A comparative analysis of the results of a study of the X-ray structure of the contractile apparatus of the uterine muscle of women showed that after intravenous administration of oxytocin in a buffer solution, the most distinct increase in the degree of ordering of fibrillar proteins, an improvement in the degree of orientation of contractile protein molecules, and an approximation of the diffraction pattern of these muscle models to those prepared from the uterine muscle of women with normal labor activity are noted.

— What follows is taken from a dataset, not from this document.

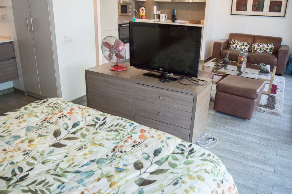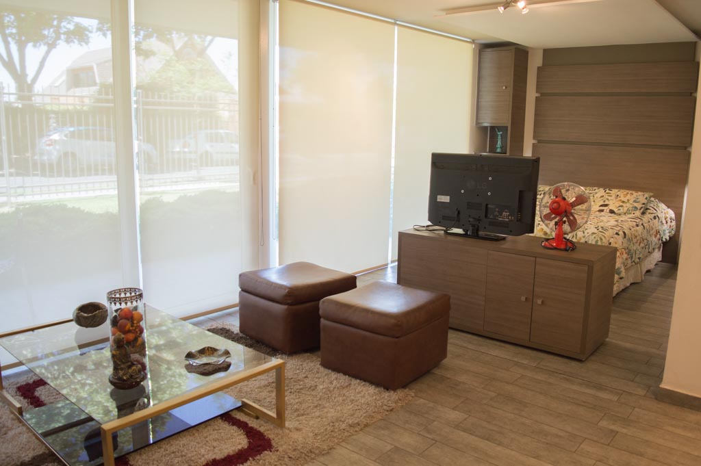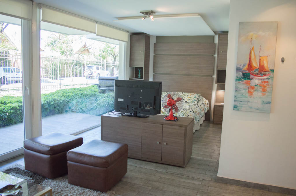 This 1 studio furnished Apartment is located a 3 minutes’ walk from the bus stop and a 3 minutes’ walk from the Metro Station Los Dominicos.The apartment has a living room, kitchen (open), 1 bathroom, terrace and 1 estacionamiento. The bedroom 1 has a double bed, closet, 2 nightstands, TV and bathroom in suite. The place measures 35m² + 7m² of balcony approximately Should be considered, the payment of the expenses of services of common expenses, hot water, cold water and electricity that add $ 139USD approximately. The accommodation has in-house share laundry, price per load for both washers or dryers is $ 1USD approximately. You should pay a security deposit, which will be returned at the end of the lease term; The tenant(s) must also pay $ 93USD fee when the unit is returned for cleaning. The unit is located close to Los Dominicos Park, where you can find the church Los Dominicos, cultural centers, commercial properties, and the well-known "Los Dominicos Village", an ideal tourist destination for the family, characterized by a large number of handicrafts in ceramics, textiles, wood, stone, among others.

Thus, during the labor-stimulating therapy with intravenous drip administration of oxytocin in a buffer solution, we have revealed a sharp increase in the reparative regeneration of mitochondrial membranes (cristae) and other membrane structures in uterine myocytes and placental cells, which may indicate an increase in the intensity of oxidative phosphorylation processes along with an increase in the intensity of oxidation-reduction processes. This is confirmed by our discovery of an increase in the activity of creatine phosphokinase, succinate dehydrogenase, cytochrome-C oxidase and an increase in the total content of nucleic acids in the homogenate and mitochondria of the myometrium and placenta, and in the contractile apparatus of the uterine muscle - the existence of a pronounced orientation of fibrillar protein molecules, leading to an increase in the tension developed under the action of ATP by bundles of glycerinated myometrium cells.

The new data we obtained on the structural and functional characteristics of the contractile apparatus of the uterine muscle and the subcellular formations of the myometrium and placental tissue allowed us to establish new, previously unknown aspects of the pathogenesis of weakness of labor and to substantiate a new complex method of labor-stimulating therapy with intravenous administration of oxytocin in a buffer solution, correcting the metabolic processes in the body of mothers and fetuses that are impaired in this pathology of labor.